When data is sourced from a table, the following syntax can be used:

histPlot("seriesName", source, "ValueCol", nbins)

  • histPlot is the method used to create a histogram.
  • "SeriesName" is the name (as a string) you want to use to identify the series on the chart itself.
  • source is the table that holds the data you want to plot.
  • "ValueCol" is the name of the column (as a string) of data to be used for the X values.
  • nbins is the number of intervals to use in the chart.

When data is sourced from an array, the following syntax can be used:

histPlot("SeriesName", [x], nbins)

  • histPlot is the method used to create a histogram.
  • "SeriesName" is the name (as a string) you want to use to identify the series on the chart itself.
  • [x] is the array containing the data to be used for the X values.
  • nbins is the number of intervals to use in the chart.

The histPlot method assumes you want to plot the entire range of values in the dataset. However, you can also set the minimum and maximum values of the range using rangeMin and rangeMax respectively.

The following example shows the syntax using a table as the datasource:

histPlot("seriesName", source, "ValueCol", rangeMin, rangeMax, nbins)

  • histPlot is the method used to create a histogram.
  • "SeriesName" is the name (as a string) you want to use to identify the series on the chart itself.
  • source is the table that holds the data you want to plot.
  • "ValueCol" is the name of the column (as a string) of data to be used for the X values.
  • rangeMin is the minimum value (as a double) of the range to be included.
  • rangeMax is the maximum value (as a double) of the range to be included.
  • nbins is the number of intervals to use in the chart.

The following example shows the syntax using an array as the datasource:

histPlot("SeriesName", [x], rangeMin, rangeMax, nbins)
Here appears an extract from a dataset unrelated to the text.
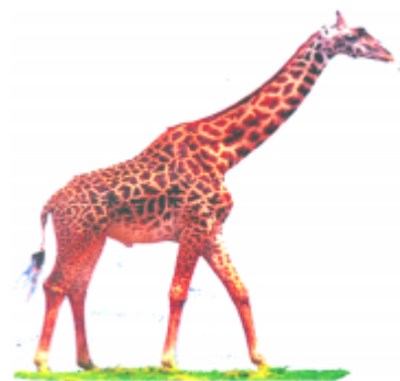
ଝିରାଫ (ଜିରାଫ) ଜିରାଫ (Giraffe)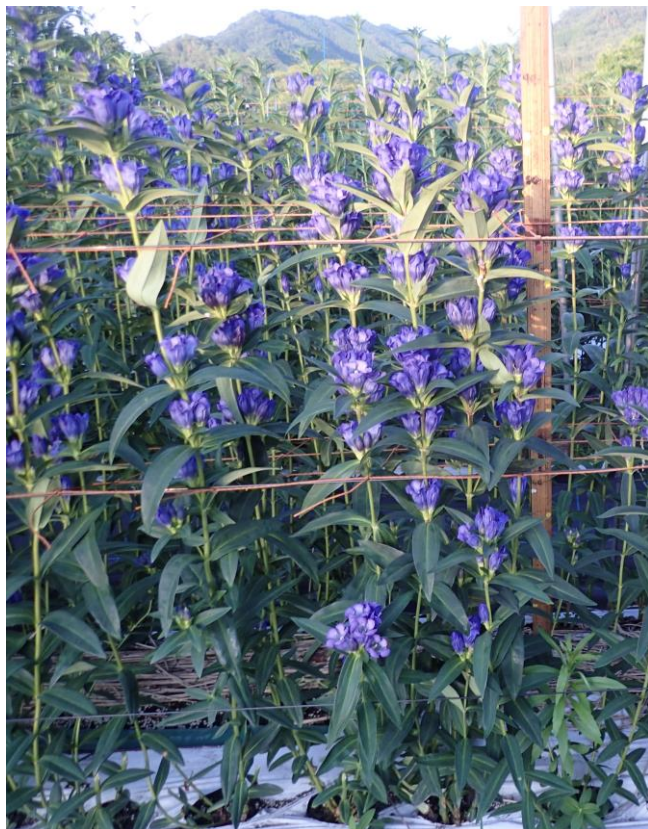
岡山RND4号(圃場での開花状況)

  • histPlot is the method used to create a histogram.
  • "SeriesName" is the name (as a string) you want to use to identify the series on the chart itself.
  • [x] is the array containing the data to be used for the X values.
  • rangeMin is the minimum value (as a double) of the range to be included.
  • rangeMax is the maximum value (as a double) of the range to be included.
  • nbins is the number of the intervals to use in the chart.

Example

from deephaven import Plot

tHist = db.t("LearnDeephaven", "StockTrades")\
    .where("Date=`2017-08-25`")\
    .view("Sym", "Last", "Size", "ExchangeTimestamp")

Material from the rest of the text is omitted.